Renzo is the one with sewing skills, he says, but he has gone to Kojima to look at a tansu and visit friends.
“I’d like to hear you,” she says. “It sounds interesting.”
He shrugs, finishing a button. He snips off the thread. “Not much to it.”
It seems last night will be folded up, tucked away, forgotten. For the best, she thinks, sipping her tea. “Renzo really hates these voice-overs, doesn’t he?”
“I suppose.” He points to her sweater. Two buttons are missing. How hadn’t she noticed it? “I think I have a match,” he says, digging through his box of buttons. She hands it to him. He threads his needle, shaking his head and smiling, his birthmark bunching up like a pretty rose. “Renzo has this idea that our parents and all our ancestors, all the way back to the beginning of time are watching our every move and I’m disappointing each and every one of them.”
She smiles, thinking of her mother’s expression—a mixture of expectation and disappointment. “Isn’t it a given that we disappoint our parents?”
He reaches over and touches her hand. “A pleasure, last night.”
She nods. So it won’t be forgotten. Might it happen again? She finds herself unexpectedly hoping it will.
“So does that mean your children have disappointed you?” he says.
More rain clouds must have blown in because the room fills with a brownish light. She tells him about Tomas. Responsible, intelligent, driven, a good father and husband. “I could go on and on.”
“And Brigitte?”
She’s startled that he remembered her name. To hear someone else say it out loud, it makes her feel as though Brigitte is present, sitting at the table with them. “She’s on her own path. Isn’t that what every parent wants? A child who is out in
the world, doing what she wants to do?”
He leans forward with his elbows on the table, as if trying to get underneath her words. He’s waiting for her to say more, and the silence elongates until she feels the need to say more.
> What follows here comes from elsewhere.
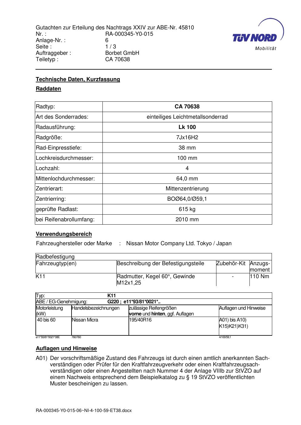 Dieses Gutachten (abe) bezieht sich auf die Alufelge Borbet CA 70638 in der Ausführung 7Jx16 ET 0, Mittenloch 0 mm (KBA 45810). Im PDF findest du typischerweise zulässige Reifengrößen, Auflagen/Anbauhinweise und – je nach Dokument – Hinweise zur Eintragung.
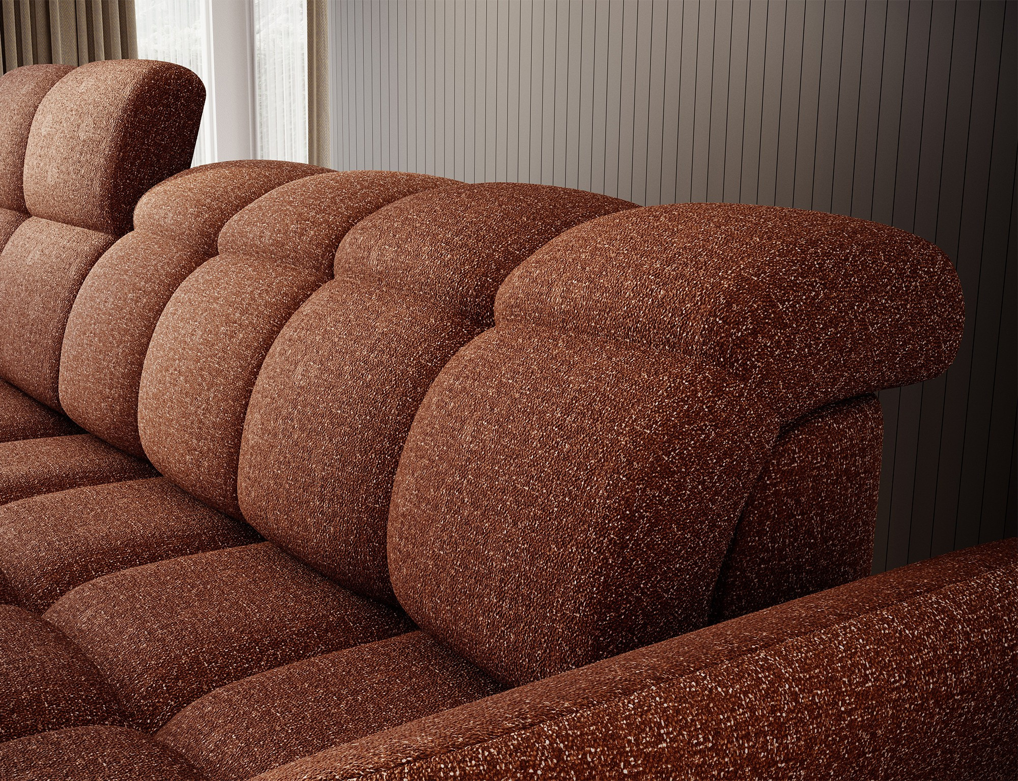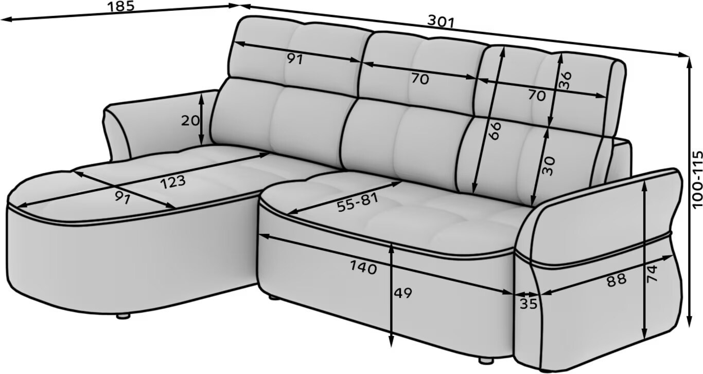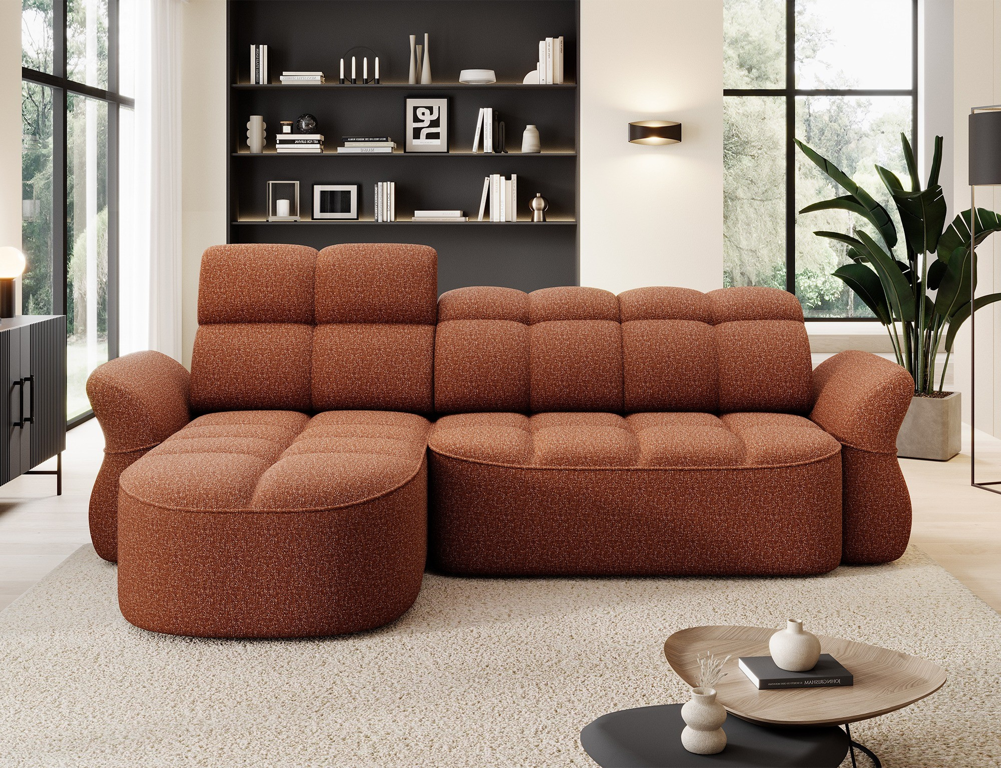 The Beneth corner sofa is the perfect blend of modern design and supreme comfort. Its spacious seat, filled with B-type wave springs and high-resilience HR3030 foam, offers the ideal balance between softness and support. The backrest, featuring an upholstery belt and T2315 polyurethane foam, adapts to your posture for ultimate relaxation. But Beneth is not just about looks – it’s packed with functionality. It comes with a sleeping function and a storage compartment, while the electric seat extension allows you to adjust the depth effortlessly. The fully upholstered back makes it a stunning centerpiece from every angle, and its sleek black plastic legs add a touch of lightness and modern elegance.

“For years she wanted to be a translator. Then it was a veterinarian, then an emergency medic, then a poet, and then the Peace Corps, then I forget. There were so many iterations of possible careers, I lost track. And she could have done any one of those things. A million other things too.”
“A girl with many interests,” he murmurs.
“That’s one way to put it.”
“How do you put it?”
“Oh, I don’t think about it anymore. We haven’t spoken in a long time. Six years.” That last part came out fast.
A pause. “That sounds hard.”
“In the beginning, but one learns to carry on.”
“How?”
“The way one does. Life isn’t beyond mending, Moto. As you know.”
Minutes go by, it seems. The wind picks up, rattling the windows. Her right leg feels incredibly hot. She must be too close to the heater. She shifts, but still her leg is burning. And now her stomach aches, as if it’s shrunken into a tight fist. His gaze is fixed on the fish tank behind her. His birthmark is an intense red, almost in the shape of a crescent moon. “She sounds like an artist, your daughter,” he says, as if speaking to himself.
“I suppose. There was that phase of poetry.”
“That’s not what I mean. She sounds like she’s struggled to find her place in the world. Sensitive people are like that. When a way of life isn’t working, you have to get rid of it. The alternative is to feel a part of you, a big part has been forgotten. Eventually it just dies off.”
Hanne feels slightly disoriented. Is he trying to tell her something about himself? Or does he suddenly claim to have special insight into Brigitte? “You didn’t struggle to find your place.” She says it as a statement, not a question.